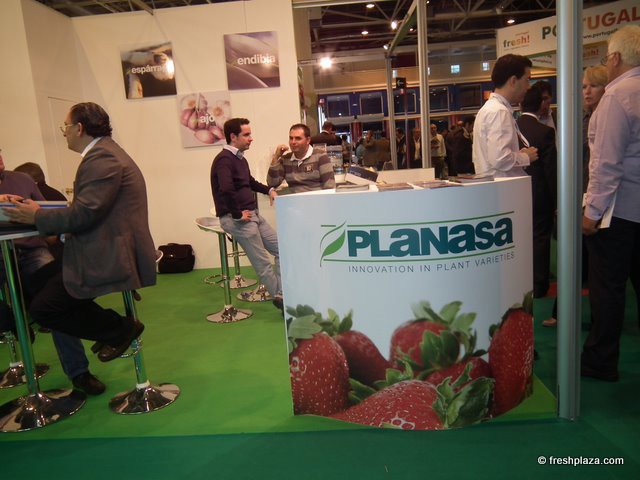 Stand de Planasa, promocionando sus nuevas variedades de plantas para frambuesa y ajos.
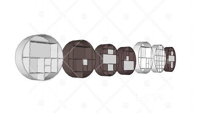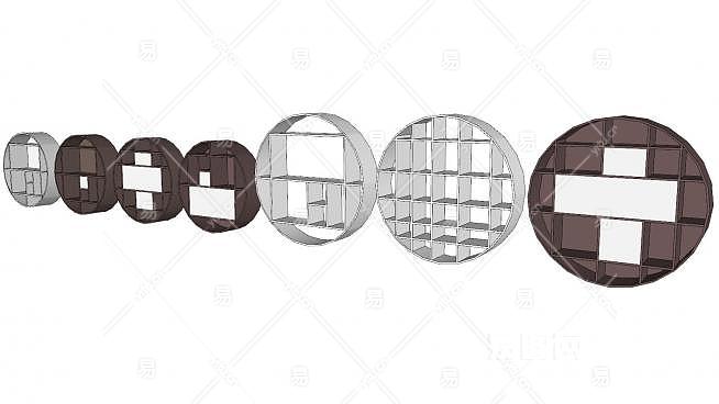 圆形书架柜子SU模型下载_sketchup草图大师SKP模型
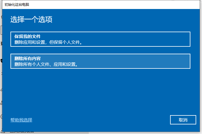 如果選擇的是刪除個人文件,則相當于系統盤和其它盤都會格式化,選擇這項,其它盤的東西就會丟失。
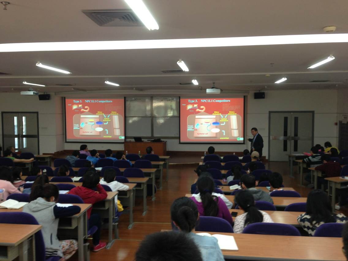 Nov. 21th, 2014 (10:00-12:00, E-104)---Prof. Zhen-Yu Chen (CUHK)& Prof. Lin Yang (Henan Normal Univ.) paid a visit to our school, and gave an academic report. Prof. Lin Yang made entitled "without extremely mechanism nano structure biomimetic compose\mechanism and nature" academic report. Prof. Zhen-Yu Chen made a presentation entitled "Cholesterol, Heart Disease and Functional Foods" academic report. The academic report vivid, attracted great attention in the field of teachers and students, and carry on the warm discussion.
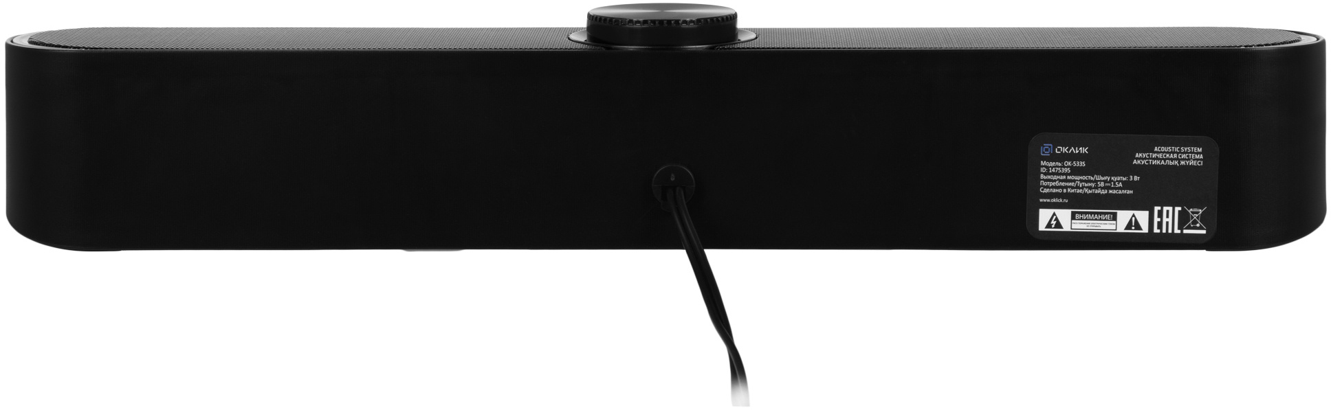 Стильный саундбар со звуковой схемой 2.0; поддержка Bluetooth; черный матовый корпус; синяя подсветка; удобная ручка управления.Длина кабеля 1.3 метра
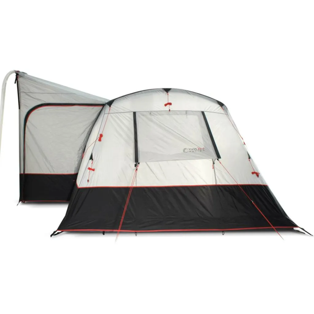 Voorin zorgt de geïntegreerde luifel voor een droge instap en extra schaduw. Dit is prettig bij wisselvallig weer of felle zon. De panoramaramen geven volop daglicht en het Vario-gordijnsysteem laat u per raam nauwkeurig bepalen hoeveel inkijk en licht u wenst. In de ruime leefruimte kunt u een donkere, los verkrijgbare slaapcabine plaatsen, handig wanneer u een extra slaapplek wilt creëren zonder aan woonruimte in te leveren. De zijaansluiting vormt de doorloop naar uw bus, zodat u beschut kunt in- en uitlopen. Dankzij de nette kabeldoorvoer en de goede ventilatiemogelijkheden blijft het geheel overzichtelijk en comfortabel tijdens uw verblijf.
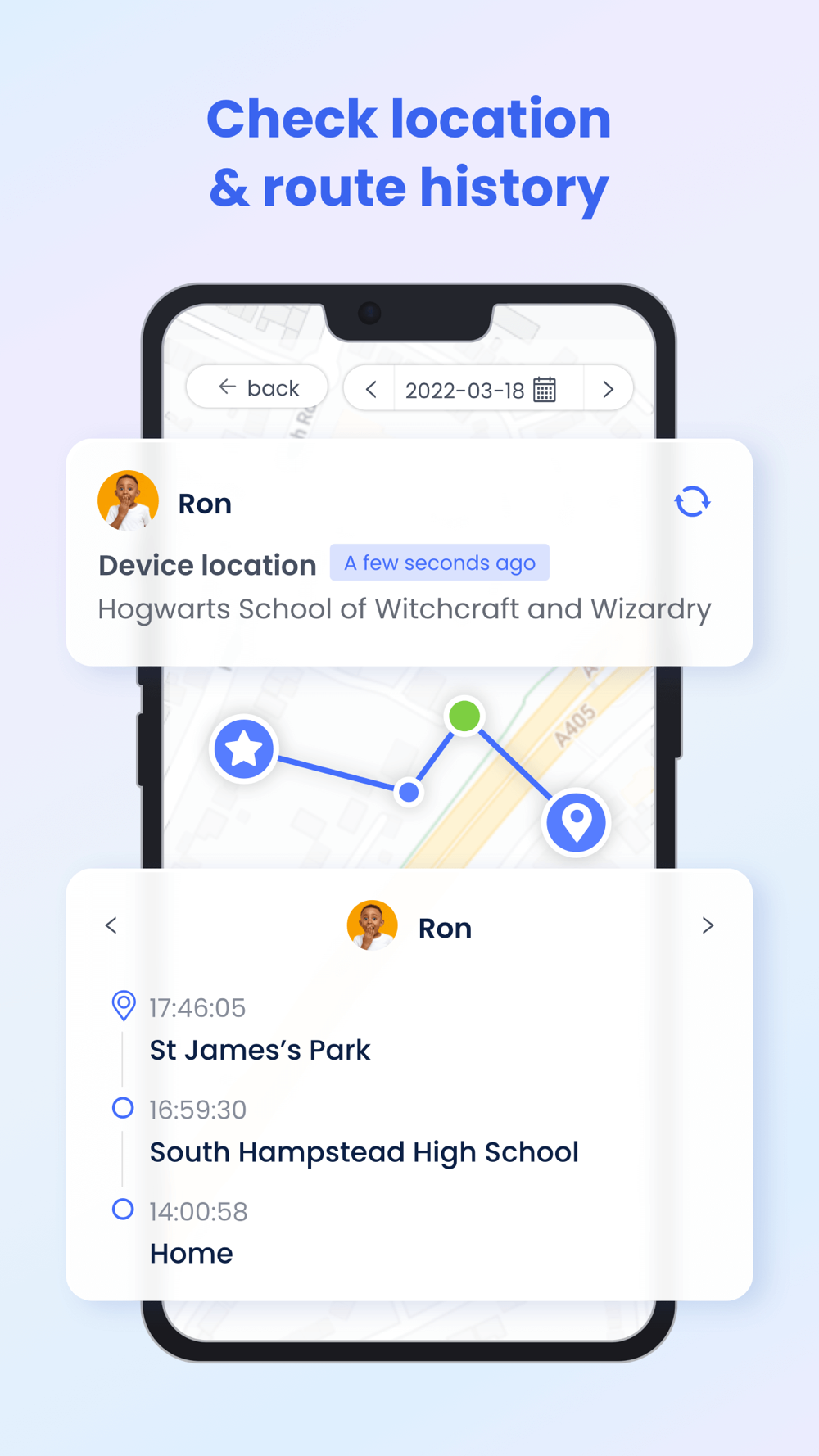 GPS location tracker - With the high-accuracy location tracker, you can track your child's location on the map and see their historical route for the day. Ensure your child is stay safe and they won't visit any high-risk places.
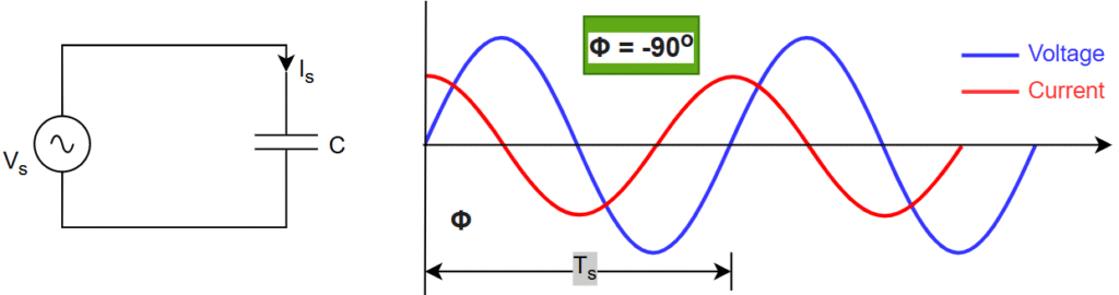 Connected load to the grid is pure capacitive nature, See below Fig.

.....

=== Exercise description ===
Give the data above again exactly. Leave the pictures out.

=== Exercise solution ===
 Stand de Planasa, promocionando sus nuevas variedades de plantas para frambuesa y ajos.
 圆形书架柜子SU模型下载_sketchup草图大师SKP模型
 如果選擇的是刪除個人文件,則相當于系統盤和其它盤都會格式化,選擇這項,其它盤的東西就會丟失。
 Nov. 21th, 2014 (10:00-12:00, E-104)---Prof. Zhen-Yu Chen (CUHK)& Prof. Lin Yang (Henan Normal Univ.) paid a visit to our school, and gave an academic report. Prof. Lin Yang made entitled "without extremely mechanism nano structure biomimetic compose\mechanism and nature" academic report. Prof. Zhen-Yu Chen made a presentation entitled "Cholesterol, Heart Disease and Functional Foods" academic report. The academic report vivid, attracted great attention in the field of teachers and students, and carry on the warm discussion.
 Стильный саундбар со звуковой схемой 2.0; поддержка Bluetooth; черный матовый корпус; синяя подсветка; удобная ручка управления.Длина кабеля 1.3 метра
 Voorin zorgt de geïntegreerde luifel voor een droge instap en extra schaduw. Dit is prettig bij wisselvallig weer of felle zon. De panoramaramen geven volop daglicht en het Vario-gordijnsysteem laat u per raam nauwkeurig bepalen hoeveel inkijk en licht u wenst. In de ruime leefruimte kunt u een donkere, los verkrijgbare slaapcabine plaatsen, handig wanneer u een extra slaapplek wilt creëren zonder aan woonruimte in te leveren. De zijaansluiting vormt de doorloop naar uw bus, zodat u beschut kunt in- en uitlopen. Dankzij de nette kabeldoorvoer en de goede ventilatiemogelijkheden blijft het geheel overzichtelijk en comfortabel tijdens uw verblijf.
 GPS location tracker - With the high-accuracy location tracker, you can track your child's location on the map and see their historical route for the day. Ensure your child is stay safe and they won't visit any high-risk places.
 Connected load to the grid is pure capacitive nature, See below Fig.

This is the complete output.